= James Maclaren =

Canadian businessman (1818–1892)

James Maclaren (March 19, 1818 - February 10, 1892) was an early settler and entrepreneur in western Quebec.

Maclaren was born in Glasgow, Scotland in 1818. He came to Richmond in Upper Canada with his family in 1822. The family then settled in Torobolton Township and then moved to Wakefield in Lower Canada in the 1840s. Maclaren and his brother David opened a general store, grist mill, woollen mill and brick plant in Wakefield. James also became involved in the timber trade.

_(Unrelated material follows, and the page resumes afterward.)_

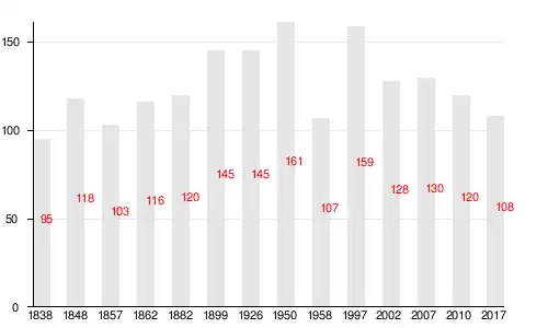 | 1838 | 1848 | 1857 | 1862[28] | 1882 | 1899 | 1997 |
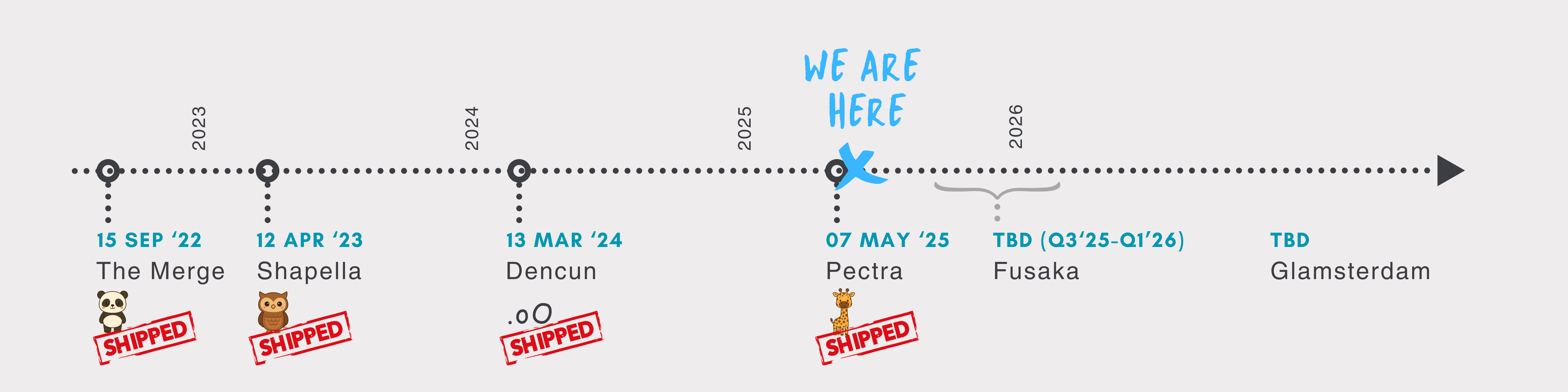 از زمان آخرین پاسگاه ، ارتقاء PECTRA ارسال شده و توسعه دهندگان اصلی تأکید سنگینی بر نگه داشتن لاغر به روزرسانی بعدی (Fusaka) برای گرفتن Peerdas ، یک قفل مقیاس پذیر ، از درب دارند. آزمایش Fusaka در حال انجام است و توسعه دهندگان هنوز در مورد تاریخ انتشار 2025 خوش بین هستند. پیشنهادات مربوط به ویژگی اصلی به روزرسانی به دنبال Fusaka (“Glamsterdam” ، 2026 پوند) تا 20 ژوئن درخواست می شود.

In 1853, Maclaren leased a sawmill in New Edinburgh from Thomas McKay with partners including Moss Kent Dickinson and Joseph Merrill Currier. By 1861, he was able to buy out his partners and, in 1866, he purchased the mills after McKay's death. In 1864, again with partners, he bought sawmills at Buckingham, later buying out his partners.

Maclaren also helped found the Hull Iron Company in 1880, the North Pacific Lumber Company of British Columbia in 1889, and the Bank of Ottawa, later merged with Scotiabank, in 1874. MacLaren also had business interests in Vermont, Massachusetts, and Michigan.

Maclaren died in Buckingham in 1892.